>>

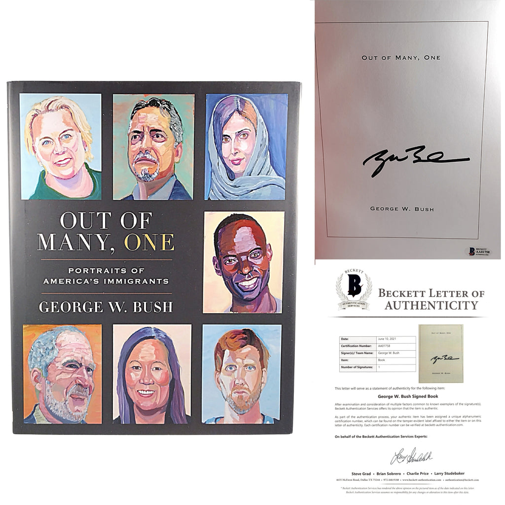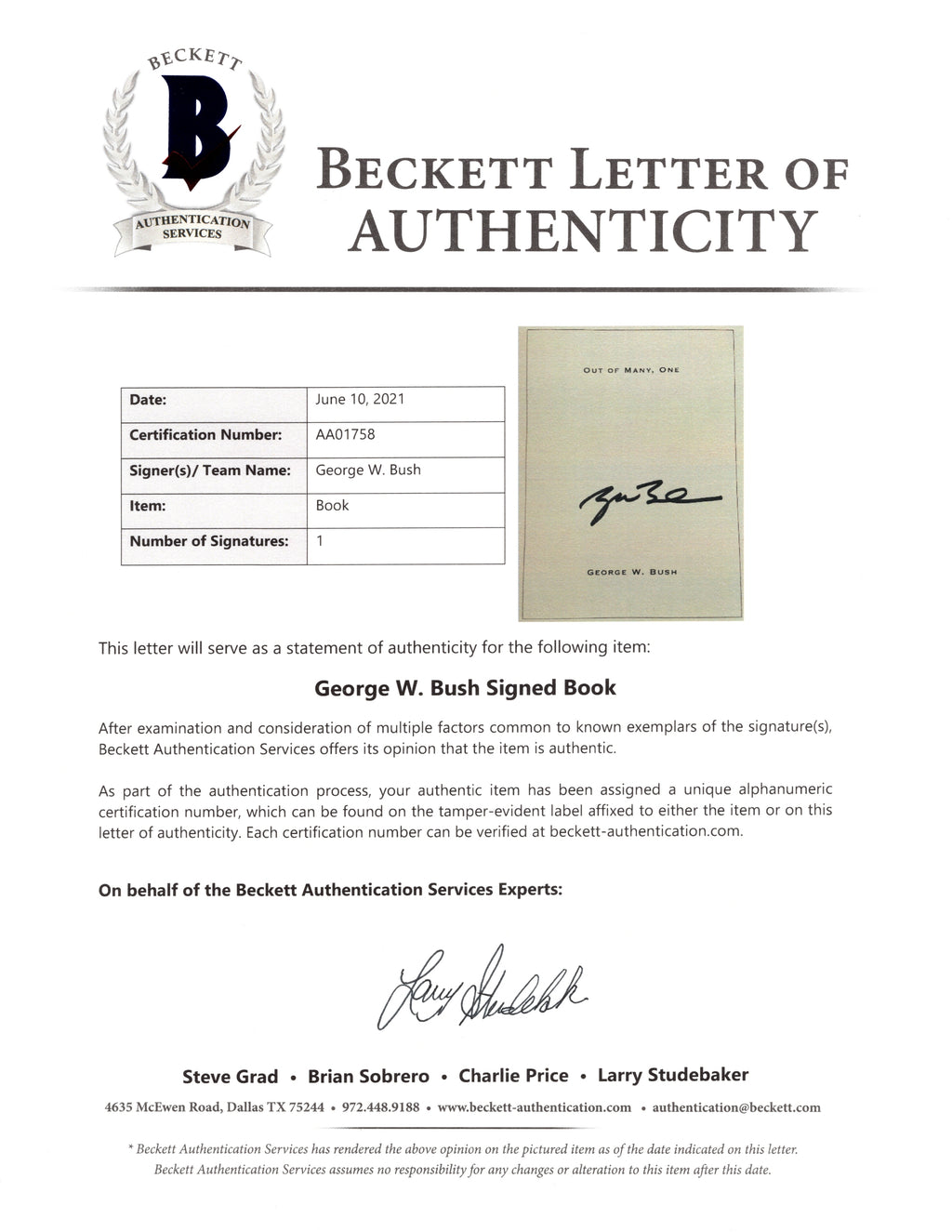 This is a first edition hardcover book of "Out of Many, One," autographed by former President George W. Bush. His signature, in black sharpie, has been verified and deemed authentic by an expert from Beckett Authentication Services (BAS). You can verify this certification by visiting www.Beckett-Authentication.com and entering the authentication number AA01758. For more Hollywood and music autographed collectibles, please browse our website.
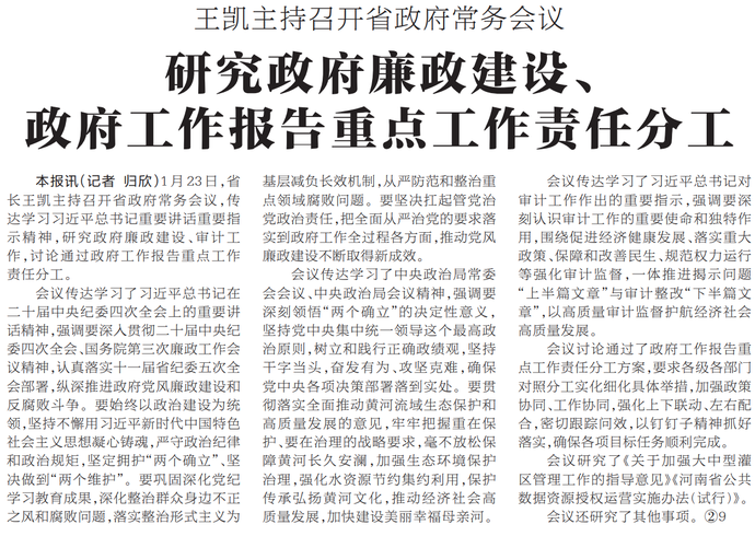 1月23日,省长王凯主持召开省政府常务会议,传达学习习近平总书记重要讲话重要指示精神,研究政府廉政建设、审计工作,讨论通过政府工作报告重点工作责任分工。(今日《河南日报》1版)
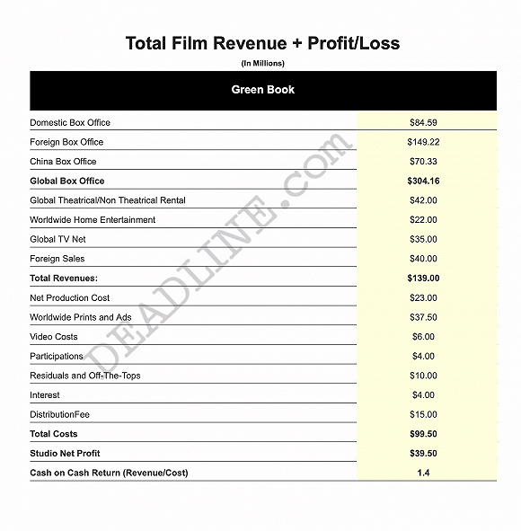 在种族隔离严重的美国南部地区,“绿皮书”是一份特殊时期诞生的特殊读物,上面列着当地黑人可以吃饭睡觉的地方,是一份不折不扣的黑人司机行路指南。影片发行初期表现并不理想,上映10天仅获得780万美元的票房,尽管如此,《绿皮书》仍然在颁奖季中表现出色,一共收获5项奥斯卡提名,并最终获得包括最佳影片、最佳男配(马赫沙拉·阿里)以及最佳原创剧本在内的3项大奖。在这个分裂的时代,影片“求同存异,尊重他人”的主题值得我们每一个人深思。《绿皮书》在北美地区的发行由环球影业负责,该片获奖后票房一路攀升,增幅达到了自2011年奥斯卡最佳影片《国王的演讲》以来的最高点。截至目前,影片美国国内票房为8460万美元,全球票房为3.042亿美元(中国为其贡献了高达7030万美元的票房)。据估计,环球影业将获得约1500万美元的发行费,而安培林和狮门影业将获得高达4000万美元的海外发行费。
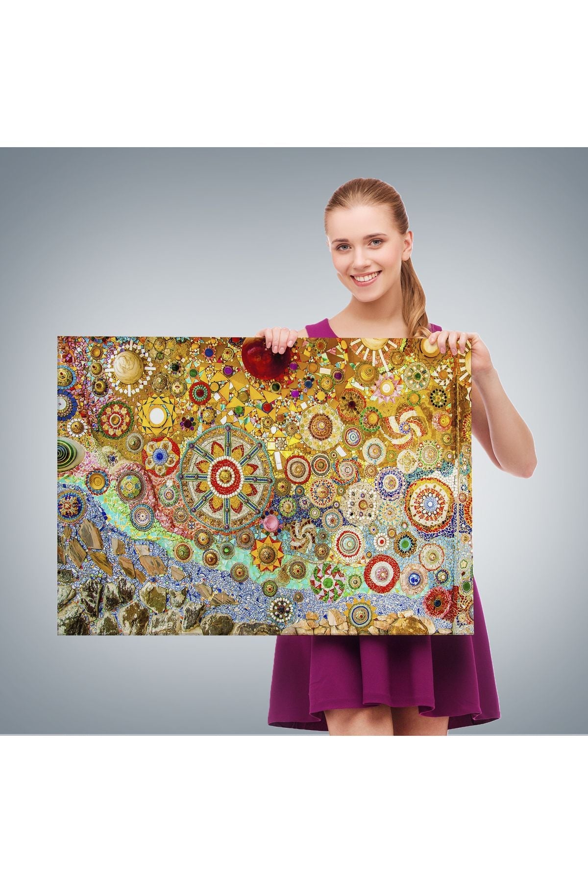 Sanatsal Mozaik Cam Dekoratif Kanvas Duvar Tablosu-3463
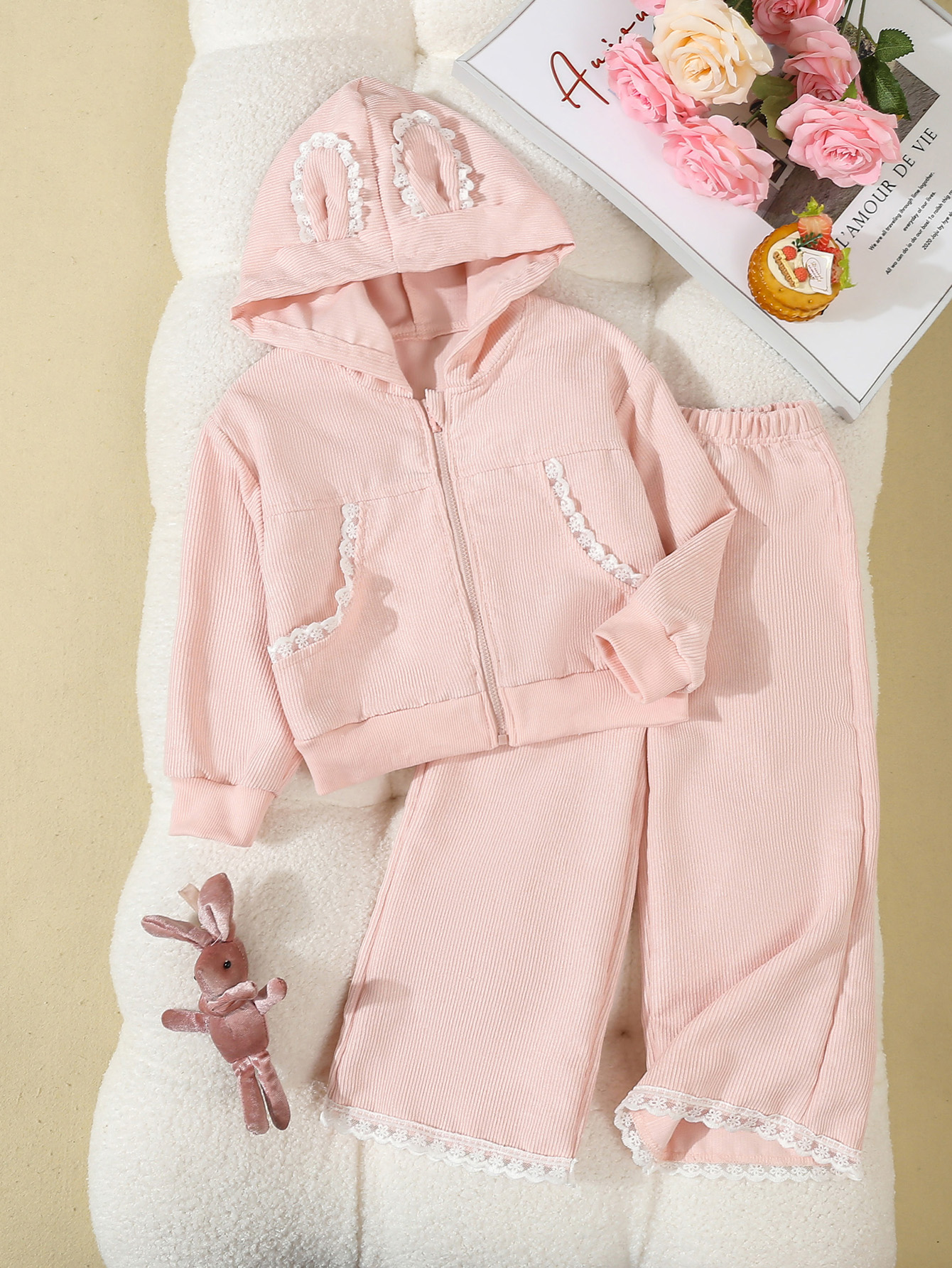 Wrap your little girl in warmth and sweetness this season with this adorable two-piece corduroy set. Perfect for autumn and winter, this outfit brings together a soft, pink hooded coat and matching straight-leg trousers to create a look that’s both cozy and stylish. Designed with attention to detail, the outfit offers comfort for everyday play and cuteness that turns heads wherever she goes.
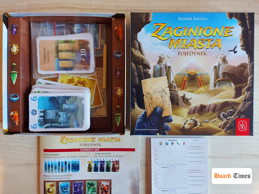 Zawartość nowego wydania Zaginionych Miast raczej niczym szczególnym Was nie zaskoczy, ale też nie zawiedzie. Mamy przede wszystkim talię solidnej jakości kart o rozmiarach 65×100 mm, planszę i notes punktacji. Plus dla polskiego wydawcy, że dołączył również ołówek (z logo Naszej Księgarni) oraz – co ma w swoim zwyczaju – naklejkę, dzięki której możemy podpisać i oznaczyć swój egzemplarz gry.
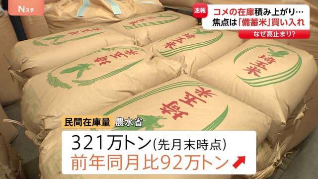 倉庫内は行き場をなくしたコメが積み上がっています。先ほど発表された民間在庫の水準は前の年より92万トン多く、「だぶつき」が鮮明です。

<<

Task directions: Take the lines from the start of the entries through the line containing "Sanatsal Mozaik Cam" and set them down exactly, leaving out every picture.

Finished task:
 This is a first edition hardcover book of "Out of Many, One," autographed by former President George W. Bush. His signature, in black sharpie, has been verified and deemed authentic by an expert from Beckett Authentication Services (BAS). You can verify this certification by visiting www.Beckett-Authentication.com and entering the authentication number AA01758. For more Hollywood and music autographed collectibles, please browse our website.
 1月23日,省长王凯主持召开省政府常务会议,传达学习习近平总书记重要讲话重要指示精神,研究政府廉政建设、审计工作,讨论通过政府工作报告重点工作责任分工。(今日《河南日报》1版)
 在种族隔离严重的美国南部地区,“绿皮书”是一份特殊时期诞生的特殊读物,上面列着当地黑人可以吃饭睡觉的地方,是一份不折不扣的黑人司机行路指南。影片发行初期表现并不理想,上映10天仅获得780万美元的票房,尽管如此,《绿皮书》仍然在颁奖季中表现出色,一共收获5项奥斯卡提名,并最终获得包括最佳影片、最佳男配(马赫沙拉·阿里)以及最佳原创剧本在内的3项大奖。在这个分裂的时代,影片“求同存异,尊重他人”的主题值得我们每一个人深思。《绿皮书》在北美地区的发行由环球影业负责,该片获奖后票房一路攀升,增幅达到了自2011年奥斯卡最佳影片《国王的演讲》以来的最高点。截至目前,影片美国国内票房为8460万美元,全球票房为3.042亿美元(中国为其贡献了高达7030万美元的票房)。据估计,环球影业将获得约1500万美元的发行费,而安培林和狮门影业将获得高达4000万美元的海外发行费。
 Sanatsal Mozaik Cam Dekoratif Kanvas Duvar Tablosu-3463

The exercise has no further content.